VOLATILITY INDEXES ARE BOUNCING OFF MAJOR SUPPORT LINES -- THE VIX ALSO HAS A SEASONAL TENDENCY TO BOTTOM IN JULY -- RISING VOLATILITY IS USUALLY ASSOCIATED WITH A WEAKER STOCK MARKET
BOUNCING VIX TESTS 50-DAY MA... The CBOE Volatility (VIX) Index has been falling since March (as stocks have risen). The VIX peak in March near 53 coincided with the stock market bottom. A falling VIX is good for stocks since they trend in opposite directions. Correspondingly, a rising VIX is bearish for stocks. That's why this is a good time to take closer look at that contrary indicator. Chart 1 shows the VIX jumping since last Thursday (after a weak employment report) and after losing half its value since March. Two overhead resistance points worth watching are the 50-day moving average (at 31) and its mid-June peak at 32.77. A close above the higher number would confirm a VIX bottom and turn its trend higher (which would be negative for stocks). There are at least two good reasons for the VIX to start rallying from here. One is technical and the other seasonal. Let's start with the technical.

Chart 1
VIX IS BOUNCING OFF MAJOR SUPPORT LINE... Chart 2 plots weekly VIX bars over the last three years (with a logarithmic price scale). The chart shows the VIX starting to bounce off a rising support line that started in early 2007 (first arrow). That makes this a logical spot for the VIX to start rallying again. The weekly Commodity Channel Index (CCI) line at the bottom of the chart is also turning up from oversold territory (green circle) for the first time since last October (red arrow). The line on top of Chart 2 compares S&P 500 downturns with previous VIX upturns. An upside breakout in the VIX in July 2007 (circle) marked the first market peak. A VIX upturn in May 2008 (second arrow) marked the end of a market rally and another downturn. This bounce off the trendline (third arrow) appears to be coinciding with the end of another market rally.

Chart 2
VIX USUALLY RALLIES AT MIDYEAR ... This interesting bit of seasonal information comes courtesy of Larry McMillan's newsletter "The Options Strategist". In a recent article titled "Summer Seasonality", McMillan points out a distinct seasonal pattern in market volatility as measured by trends in the VIX. Over the last twenty years, the VIX has shown a tendency to decline during the second quarter (March through June). After that, it rallies sharply from the start of July until October when it peaks. That may account for the seasonal tendency for the market to weaken over the summer and form important bottoms during October. There's no guarantee that seasonal trend of the VIX will work this year (it doesn't work every year). McMillan points out, however that this year's trend in the VIX is following its historical seasonal trend pretty closely. Needless to say, a July bottom in the VIX would suggest that the market may be in for a weak summer. That fits into my view expressed on Friday that the S&P 500 has completed a short-term top and may be starting the formation of a "right shoulder" in a bottoming formation that could last until the autumn.

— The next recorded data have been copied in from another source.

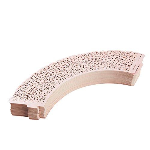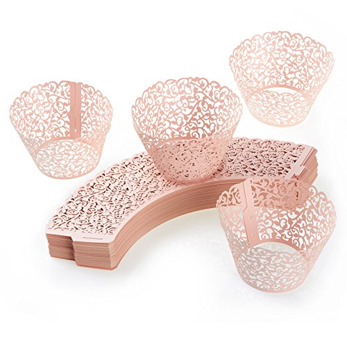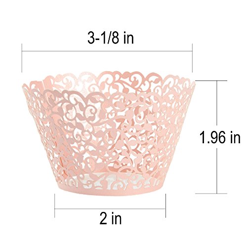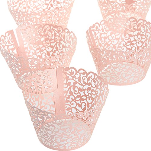 100-Piece Decorative Laser Cut Cupcake Liners for Weddings, Birthdays, Christmas, Lace Cupcake Wrappers, Pink
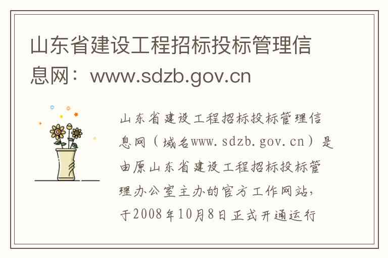 山东省建设工程招标投标管理信息网(域名www.sdzb.gov.cn)是由原山东省建设工程招标投标管理办公室主办的官方工作网站,于2008年10月8日正式开通运行 -1。该网站曾被指定为山东省依法必须招标工程发布招标类信息(如招标公告、中标公示)的官方媒介 -2-3。
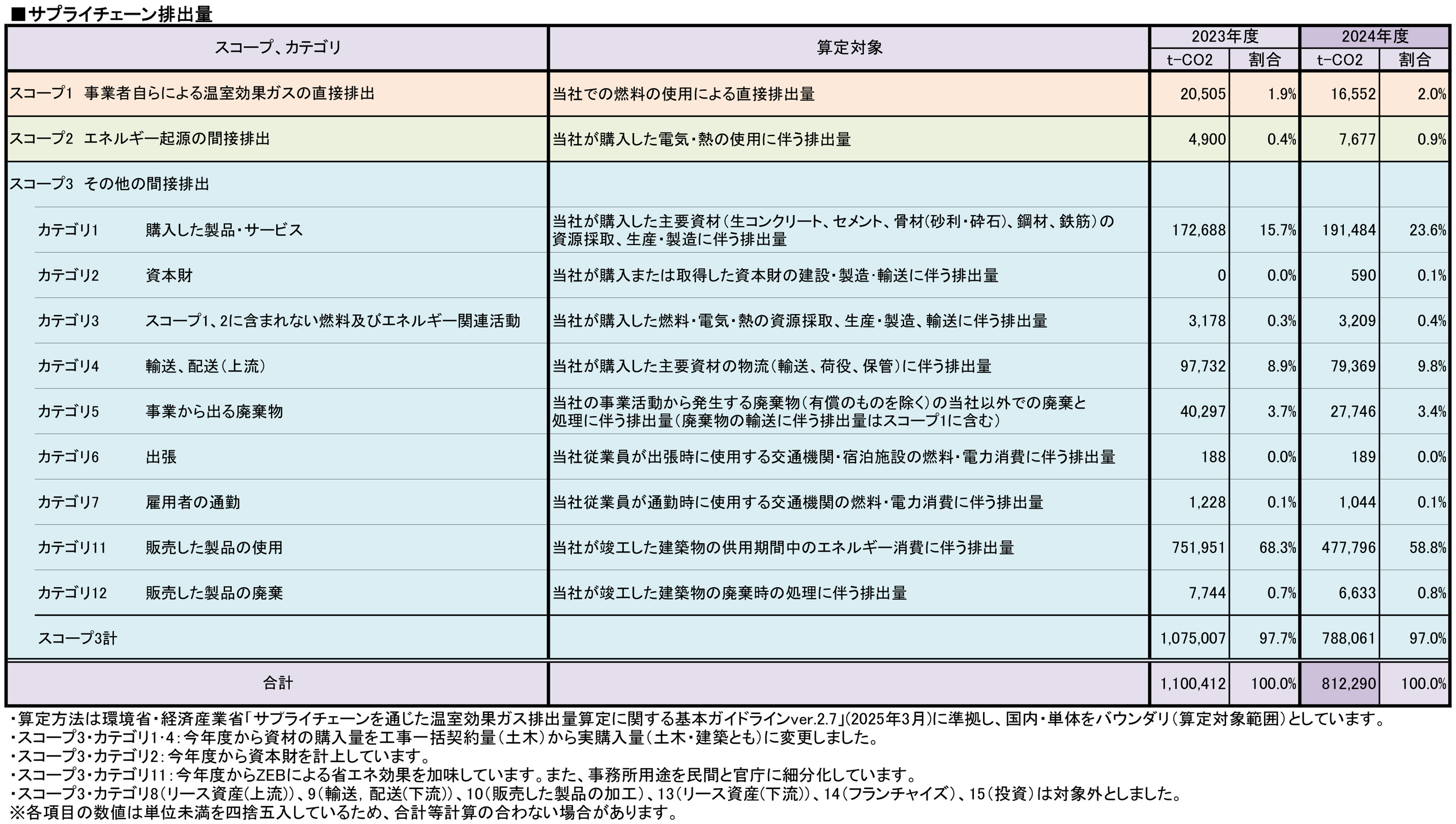 一方、カテゴリ1は、排出原単位の大きい資材(鋼材)の購入量が増えたことにより1.9万トン増加しました。
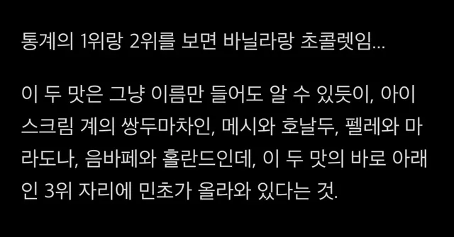 7위에 있던 민초가 최애맛 고르기로 바꾸니 갑자기 3위로 올라온 것을 볼 수 있다
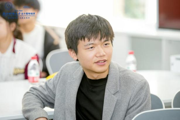 毛泽渊代表获奖学生发言,感谢校友为在校生的学业和职业规划提供了启发和引导,奖项的设立是对母校的深厚情感和对金融学子发展成才的殷切期望。
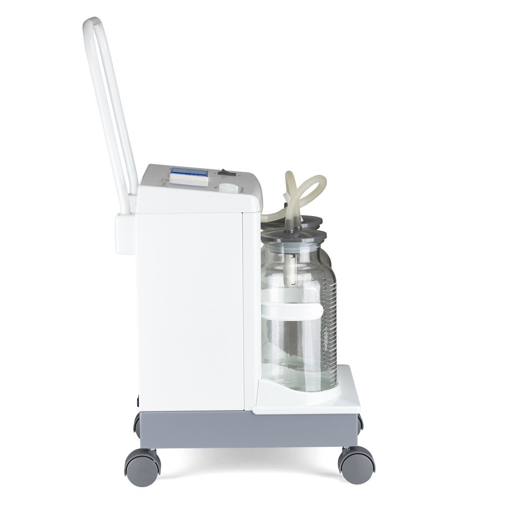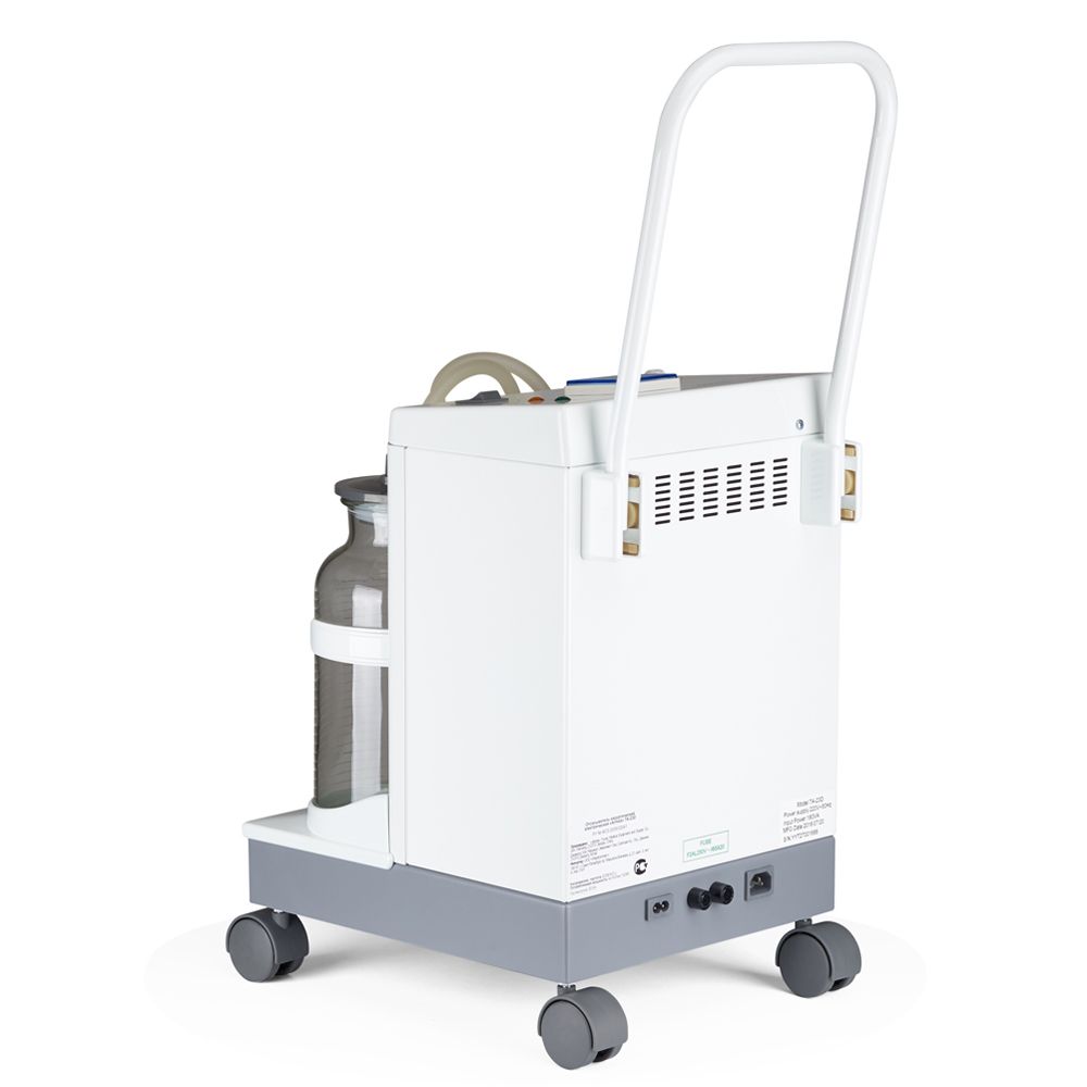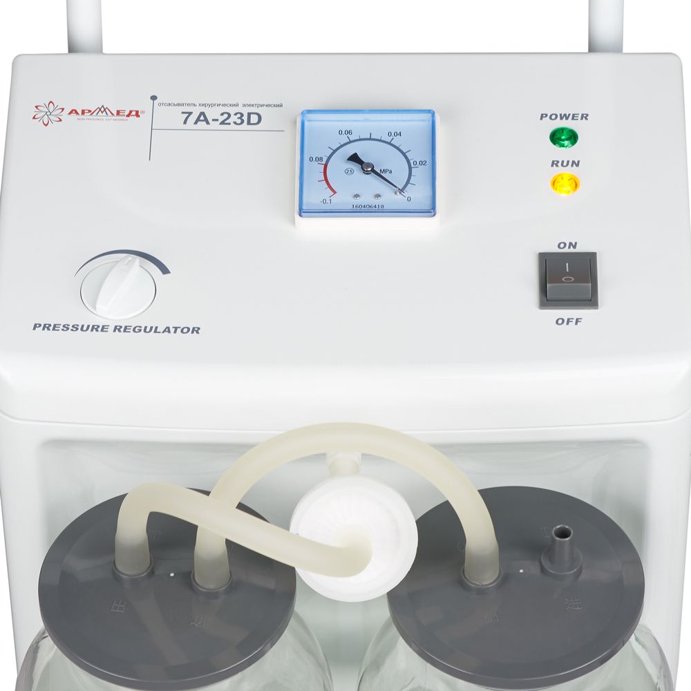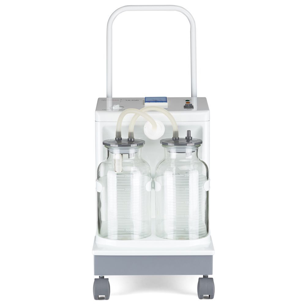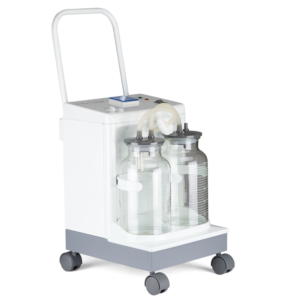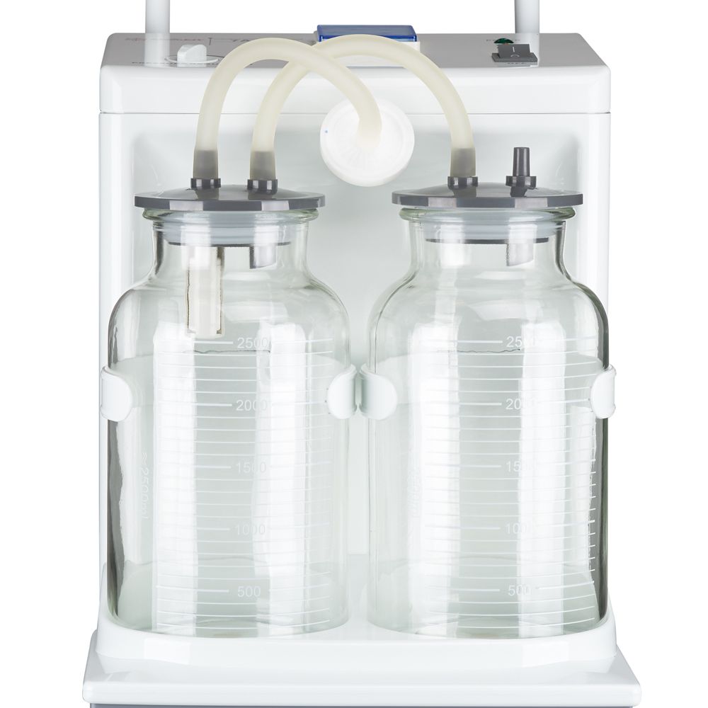 Хирургический аспиратор передвижного типа относится к числу наиболее популярного оборудования данного класса в РФ. Корпус аппарата выполнен из металла, а емкости - из стекла. На крышке одной из 2-х банок-сбоников размещен поплавок, который предотвращает перелив жидкости. В комплектацию дополнительно входит металлический наконечник, необходимый при проведении полостных операций. Для удобства перемещения аспиратор оснащен удобной ручкой и маневренными колесами. Модель привлекательна за счет качественного исполнения при доступной цене.
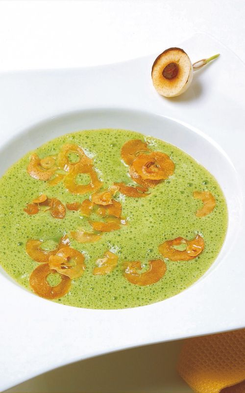 Blitvina kremna juha z ocvrtimi rezinicami česna
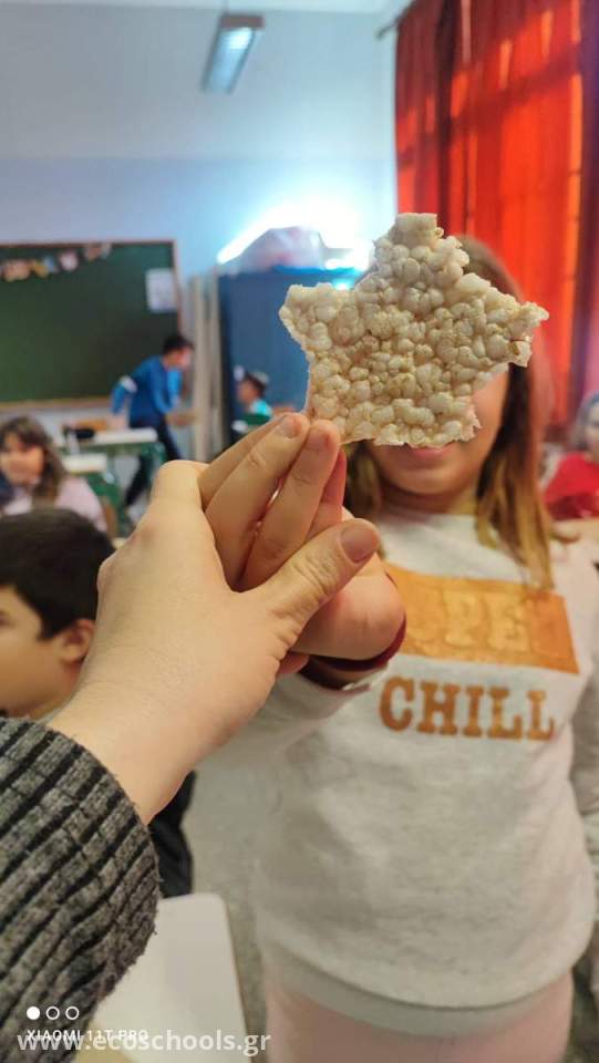 Στη συνέχεια, τα παιδιά πήραν ρόδια, τα έκοψαν στη μέση και τα πέρασαν πάνω στη γιρλάντα. Πάνω στην ίδια γιρλάντα τοποθέτησαν και ριζογκοφρέτες, τις οποίες είχαν προηγουμένως κόψει με κουπ-ατ σε σχήμα αστεριού, δημιουργώντας ακόμη περισσότερες φαγώσιμες και ελκυστικές εκπλήξεις για τα πουλιά. Οι γιορτινές, θρεπτικές γιρλάντες και τα στολίδια των παιδιών τοποθετήθηκαν στα δέντρα της σχολικής αυλής, προσφέροντας χαρά, τροφή και χρώμα στους φτερωτούς επισκέπτες μας, που τον χειμώνα δυσκολεύονται περισσότερο να βρουν τροφή.
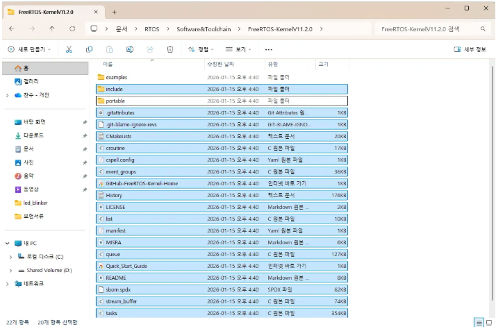 이제 위에서 확인한 FreeRTOS 커널 소스를 복사해야 합니다. 전부다 복사하지는 마시고, 필요한 것들만 복사해서 사용하도록 합니다.
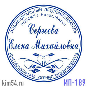 Заказать печать ИП-189. Срочное изготовление печати - 15 минут. Обычный срок изготовления - 2 часа. Диаметр печати - 38 мм. В печати ИП обязательно указывается ФИО предпринимателя. ИНН, ОГРНИП указывается по желанию. На основе шаблона печати предприним...
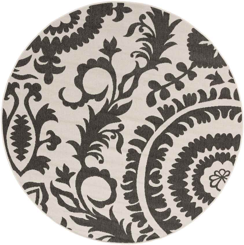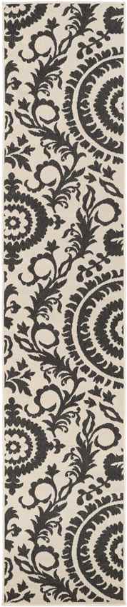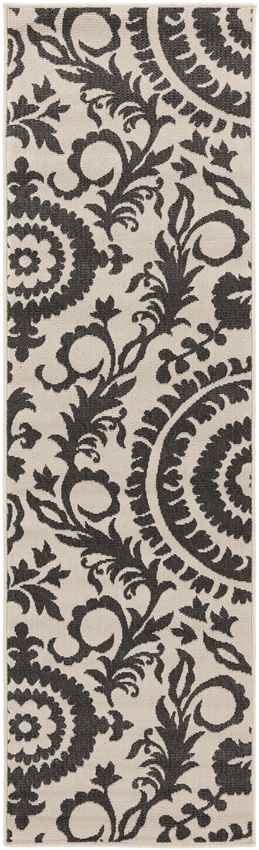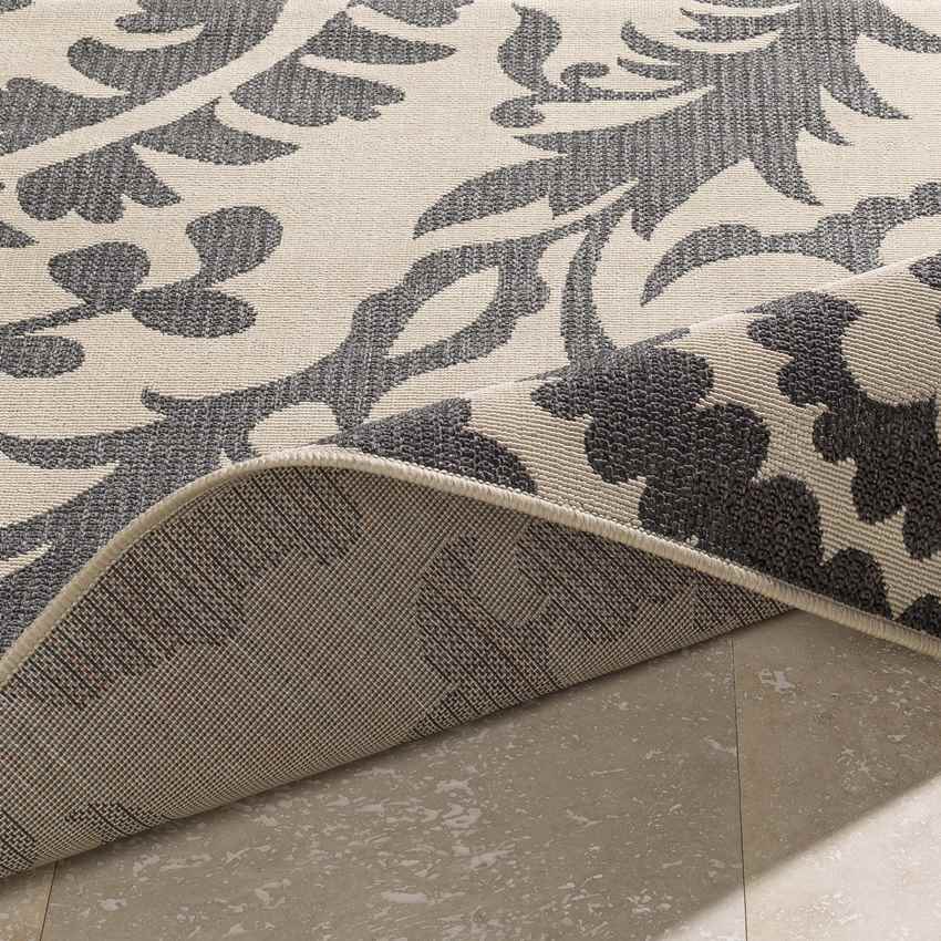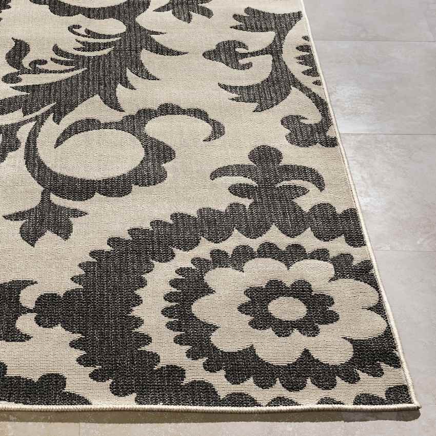 Elevate your home decor with the Nancy Cottage Cream Area Rug, a stunning fusion of timeless charm and modern functionality. Featuring an intricate black floral pattern against a soft cream backdrop, this rug blends traditional aesthetics with contemporary practicality. Machine-woven in Egypt from 100% Olefin, this piece is built to withstand the test of time, making it a versatile choice for both indoor and outdoor spaces. Its sleek, no-pile design ensures a clean, sophisticated look, while its durable construction makes it perfect for high-traffic areas in your home or patio.

NASDAQ VOLATILITY INDEX IS RISING AS WELL ... In case you're wondering about the Nasdaq Volatility Index (VXN), Chart 3 shows it also bouncing off a major support line. The daily bars in Chart 4 show the VXN moving up to test its 50-day average and, more importantly, its mid-June peak at 32.63. The green line in Chart 4 shows the Nasdaq 100 Index trending inversely to the VXN. Given that inverse correction, it's logical to expect that an upside breakout in the VXN would have a negative on the Nasdaq 100 Index on which it is based. Chart 5 shows the NDX threatening to break its 50-day average to the downside. That would constitute another short-term sell signal. Its daily MACD lines continue to weaken as well. The market appears headed for a summer of lower stock prices and rising volatility.